Skem <- skim(Soybean)
ggplot(data = Skem, aes(x = reorder(skim_variable,n_missing), y = n_missing)) +
geom_col() + coord_flip() + labs(title = "Missing Observations Per Columns Ordered", y = "# of Missing Observation", x = "Variable")
From the plot, we can see that there are quite a lot of missing values for the observation especially for sever, seed.tmt and lodging which I would assume are not required for certain plant class. Glancing at the dataframe some of the missing values in certain predictors make sense for instance, the hail column indicates yes for 0 and no for 1 an NA may that the area where the plants were measured may not have hail at all.
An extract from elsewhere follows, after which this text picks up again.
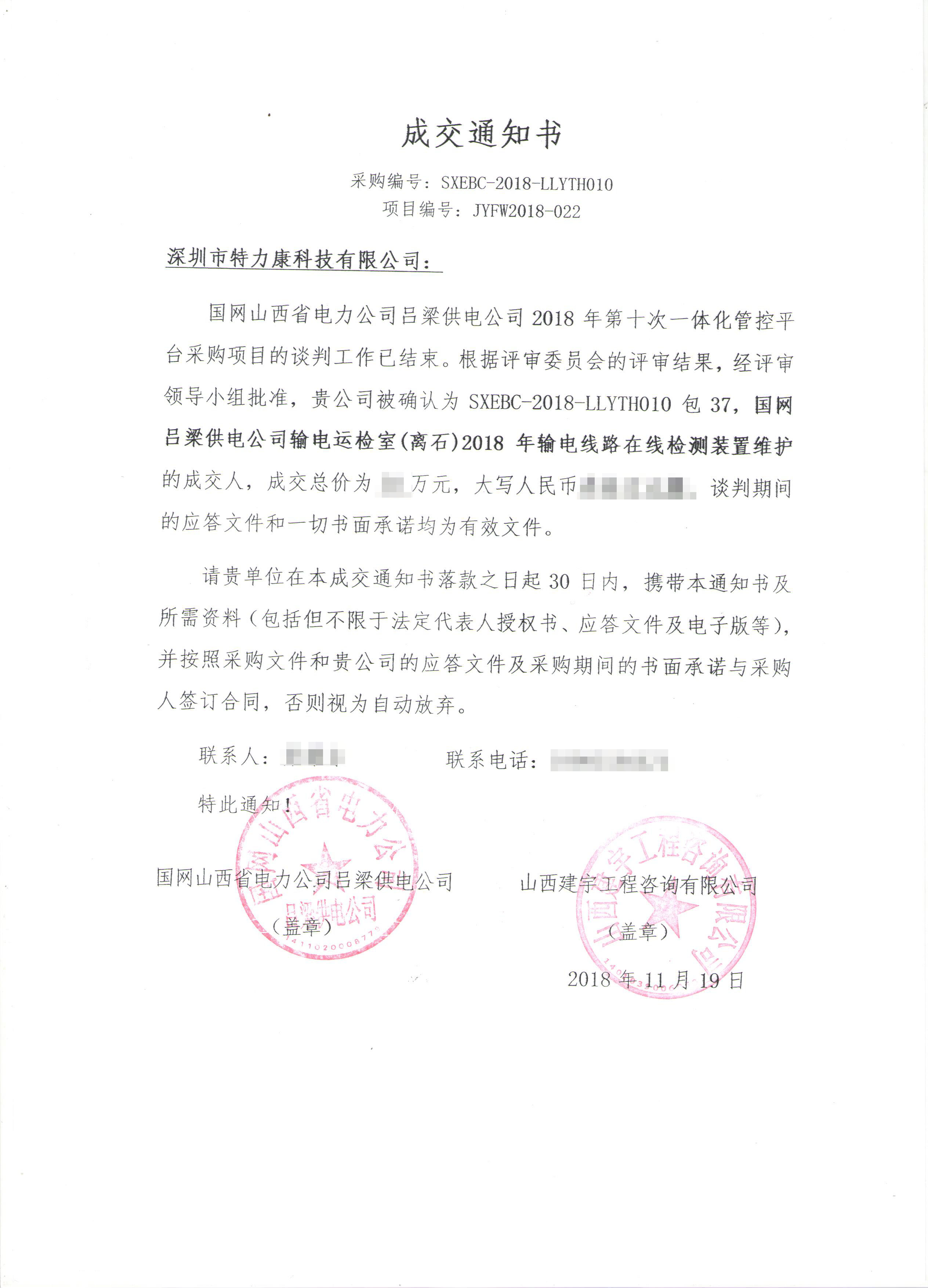 國網山西省電力公司2018年第十次一體化管控平臺采購項目評審工作已結束,經評審委員會評審,經國網山西省電力公司招投標領導小組批準,將評審結果公示。我司被確定為中標單位現將公告公示。

The pattern of missing data are related to the class of the plants, for instance, there were predictors measuring fruit spots, and fruit pods and information about seeds that may not pertain to the class i.e pleythorea-rot has many missing values within those predictors.
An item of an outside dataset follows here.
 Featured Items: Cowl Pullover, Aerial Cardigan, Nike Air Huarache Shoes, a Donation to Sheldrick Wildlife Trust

A strategy I would use to handle missing data, is to try to get a better understanding of all the predictors within this data, and see where the missing values are in which predictors since in this case, the class of the plant and their characteristics have different missing values. I might first attempt to use mean imputation to handle the missing data. Another scenario is to use a model to handle the missing data in this case I may use k-nearest neighbors to imputate the data, where the imputation values are determined by their closest neighbors. We can use recorded measurement for each plant class and imputate the Na values. I would make sure each imputation values have similar values to their plant class. This is just a thought process I felt would be approriate regarding this dataset.